### Action item
The line containing "Finally - click" marks the end; return exactly every line from the start of the records up to and including it, but no pictures.

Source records
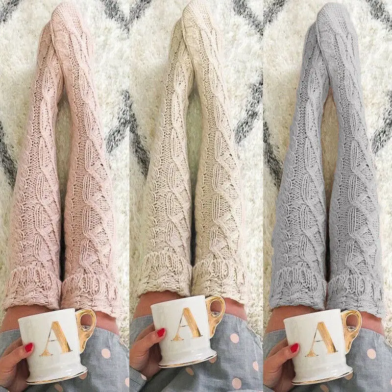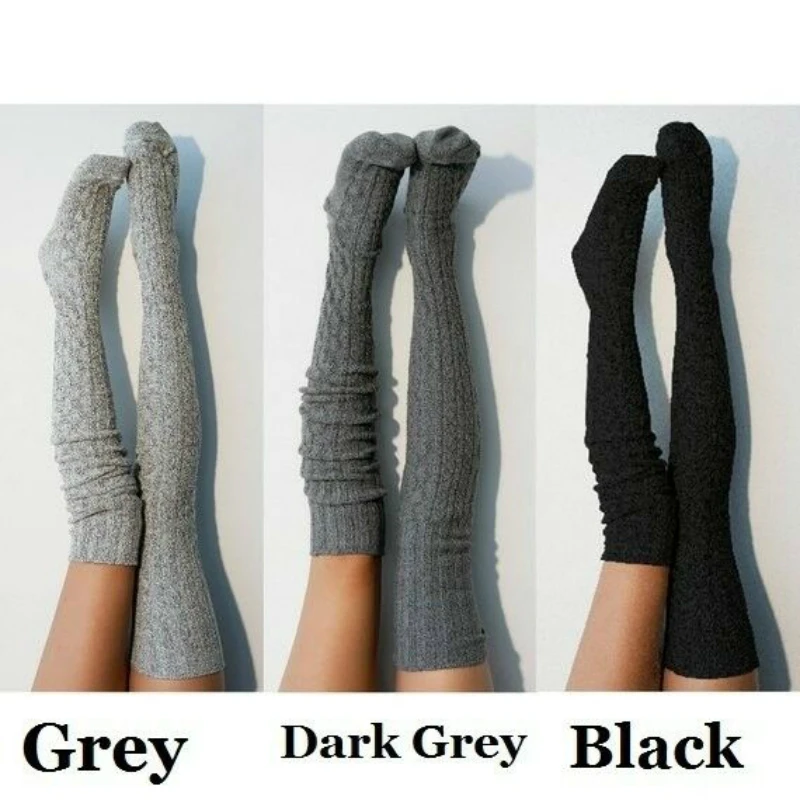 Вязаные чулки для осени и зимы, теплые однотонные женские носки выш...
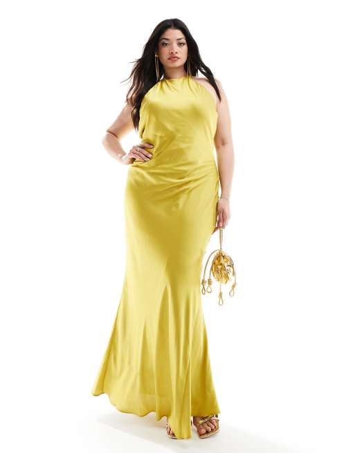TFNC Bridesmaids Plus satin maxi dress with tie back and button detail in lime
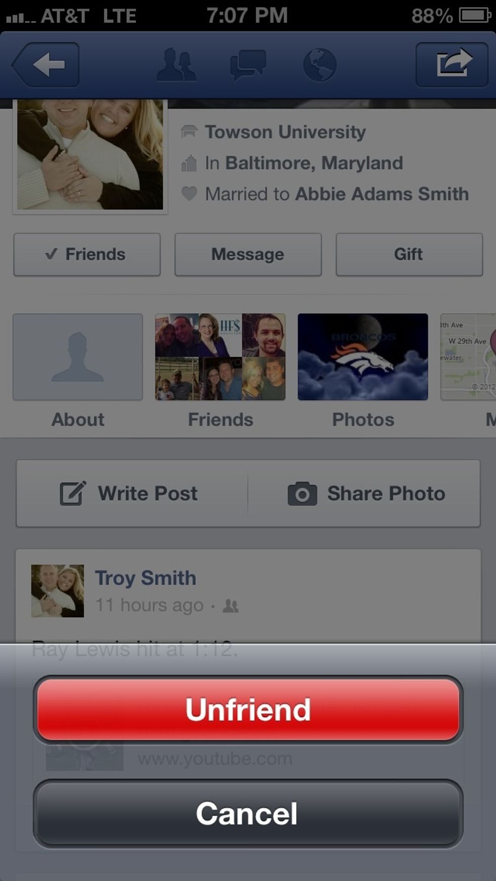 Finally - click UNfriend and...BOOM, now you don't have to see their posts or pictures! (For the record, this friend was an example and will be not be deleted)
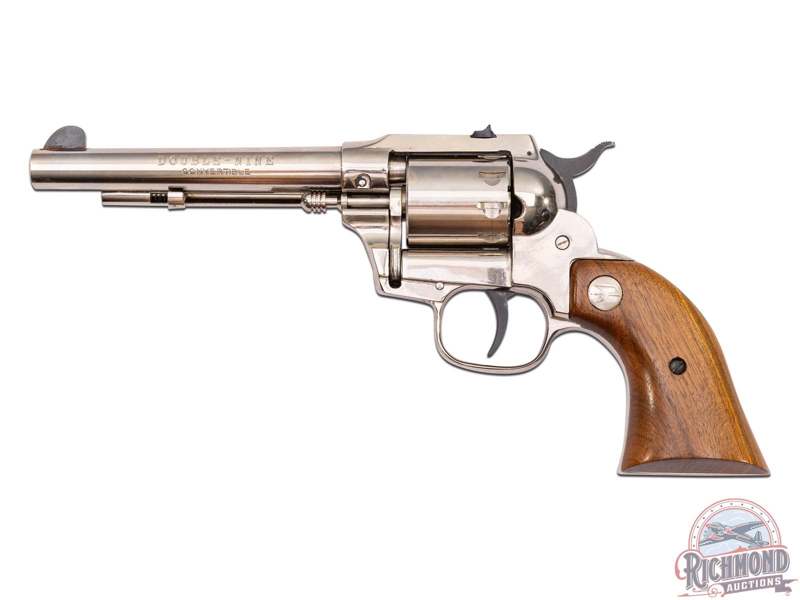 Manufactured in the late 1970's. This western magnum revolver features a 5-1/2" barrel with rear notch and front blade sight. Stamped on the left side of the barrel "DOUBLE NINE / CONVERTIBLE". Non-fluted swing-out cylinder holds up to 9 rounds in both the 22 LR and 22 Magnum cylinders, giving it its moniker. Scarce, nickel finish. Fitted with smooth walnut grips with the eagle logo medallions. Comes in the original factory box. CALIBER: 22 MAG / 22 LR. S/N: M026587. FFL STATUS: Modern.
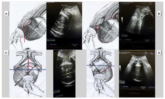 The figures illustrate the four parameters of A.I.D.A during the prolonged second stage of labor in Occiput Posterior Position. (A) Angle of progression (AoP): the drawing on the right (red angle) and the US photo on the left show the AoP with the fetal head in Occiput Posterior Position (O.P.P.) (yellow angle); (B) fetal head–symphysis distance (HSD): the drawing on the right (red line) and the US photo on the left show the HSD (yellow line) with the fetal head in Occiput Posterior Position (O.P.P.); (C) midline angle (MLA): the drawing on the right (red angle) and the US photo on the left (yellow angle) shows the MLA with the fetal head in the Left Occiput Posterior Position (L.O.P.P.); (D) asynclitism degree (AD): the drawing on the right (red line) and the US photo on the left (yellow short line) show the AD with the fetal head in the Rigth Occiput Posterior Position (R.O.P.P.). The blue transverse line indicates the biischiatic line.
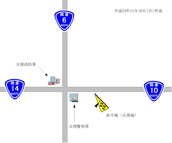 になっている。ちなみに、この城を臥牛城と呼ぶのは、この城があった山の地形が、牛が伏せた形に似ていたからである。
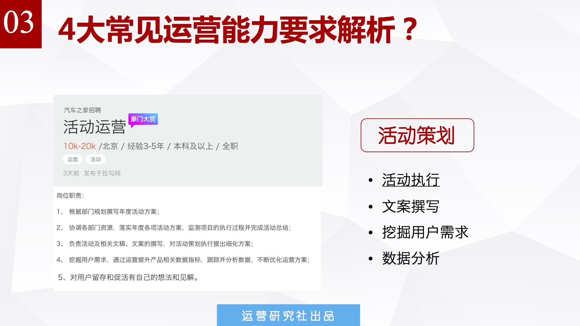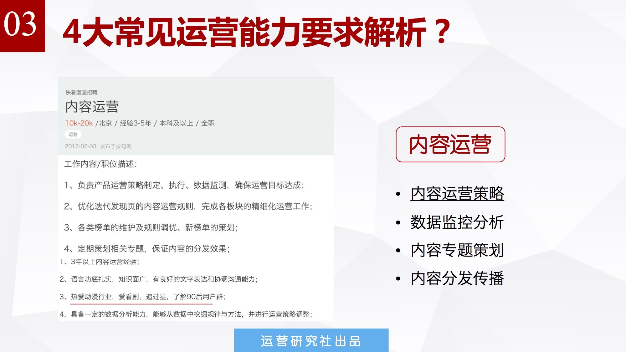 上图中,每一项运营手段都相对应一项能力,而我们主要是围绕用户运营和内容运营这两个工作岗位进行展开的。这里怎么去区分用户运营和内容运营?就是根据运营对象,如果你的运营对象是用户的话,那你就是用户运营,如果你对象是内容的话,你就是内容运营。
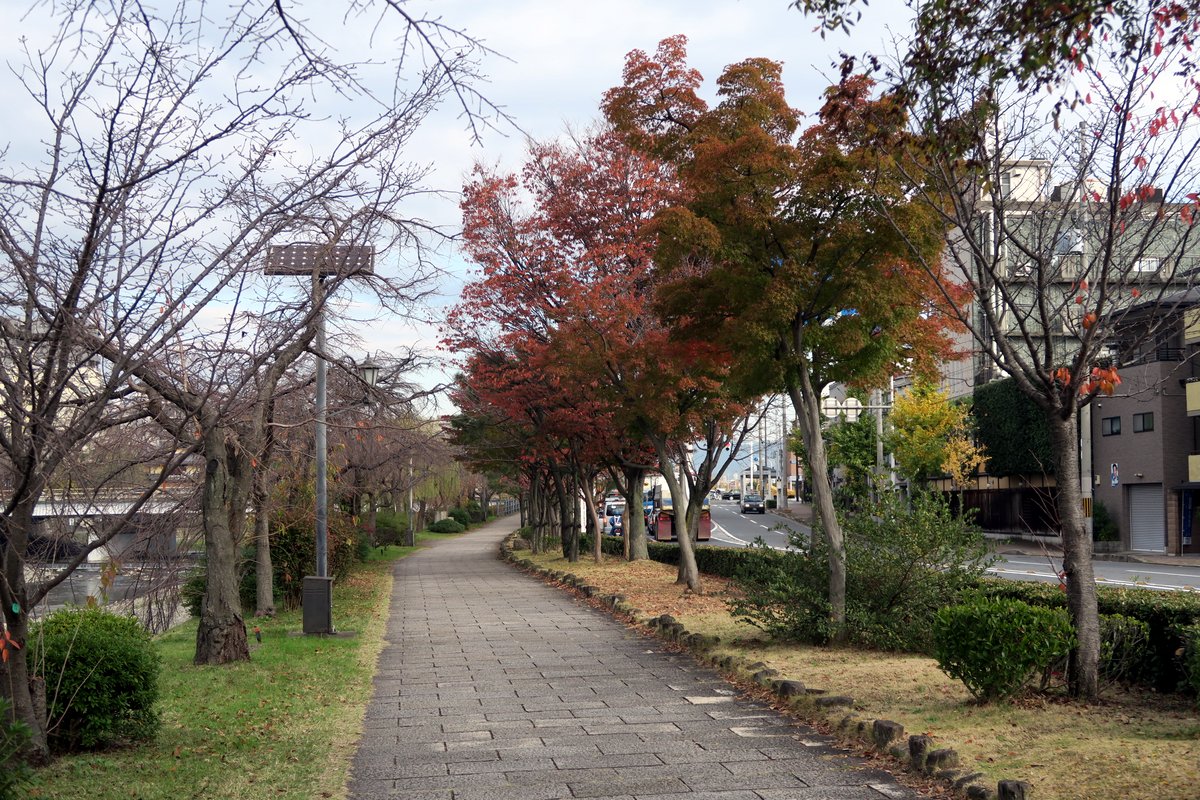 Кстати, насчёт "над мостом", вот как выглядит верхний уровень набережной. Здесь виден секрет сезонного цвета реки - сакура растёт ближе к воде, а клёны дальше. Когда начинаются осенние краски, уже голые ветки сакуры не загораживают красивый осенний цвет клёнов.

### Result of this exercise
 Вязаные чулки для осени и зимы, теплые однотонные женские носки выш...
TFNC Bridesmaids Plus satin maxi dress with tie back and button detail in lime
 Finally - click UNfriend and...BOOM, now you don't have to see their posts or pictures! (For the record, this friend was an example and will be not be deleted)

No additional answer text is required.